Amazon SageMaker addresses these challenges through SageMaker Unified Studio and SageMaker Catalog, which organizations can use to build, manage, and share assets securely across projects and accounts. A key capability within this ecosystem is the implementation of an offline feature store—a structured repository designed for managing historical feature data used in model training and validation. Offline feature stores are designed for scalability, lineage tracking, and reproducibility, so that data scientists can train models on accurate, time-aligned datasets that prevent data leakage and maintain consistency across experiments.

This blog post provides step-by-step guidance on implementing an offline feature store using SageMaker Catalog within a SageMaker Unified Studio domain. By adopting a publish-subscribe pattern, data producers can use this solution to publish curated, versioned feature tables—while data consumers can securely discover, subscribe to, and reuse them for model development. The approach integrates Amazon S3 Tables with Apache Iceberg for transactional consistency, AWS Lake Formation for fine-grained access control, and Amazon SageMaker Studio for visual and code-based data engineering.

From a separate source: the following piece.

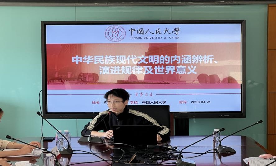 中国人民大学博士研究生嵇睿从中华民族现代文明的内涵辨析﹑演进规律及世界意义进行分享。中国矿业大学博士研究生瞿欣怡就目前热点世界网络主义的悖论三种样态来分析。西安交通大学博士研究生许夏琳就全国宣传文化工作会议上提出的习近平文化思想为主题,从中国式现代文明观的核心内容﹑理论跃迁与推进路径进行分享。首都师范大学博士研究生李银梅就基于文化经济学研究的基础之上,在经济与文化的互动发展中来探讨文化与共同富裕的关系问题来解读共同富裕这个主题。重庆理工大学研究生周阿玲就中华优秀传统文化的转型为主题来切入,分析目前中华优秀传统文化传承的困境与对策。北京师范大学博士研究生邢海峰就中华民族现代文明与马克思原著中有原则高度实践为题进行解读,阐明建设中国现代文明有益的思想启发。yl9193永利集团研究生王春琳就以中华优秀传统文化融入高校思想政治教育的价值意蕴与实践路径为主题来进行解读。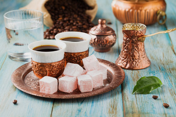 A table with coffee cups and sugar cubes on it.

Through this unified solution, teams can achieve consistent feature governance, accelerate ML experimentation, and reduce operational overhead. in this post, we show you how to design a collaborative, governed, and production-ready offline feature store to unlock enterprise-wide reuse of trusted ML features.

Solution overview

This solution demonstrates how to implement an offline feature store using a SageMaker Unified Studio domain integrated with SageMaker Catalog to enable scalable, governed, and collaborative feature management across ML teams. The architecture establishes a unified environment, shown in the following figure, that streamlines how administrators, data engineers, and data scientists create, publish, and consume high-quality, reusable feature tables.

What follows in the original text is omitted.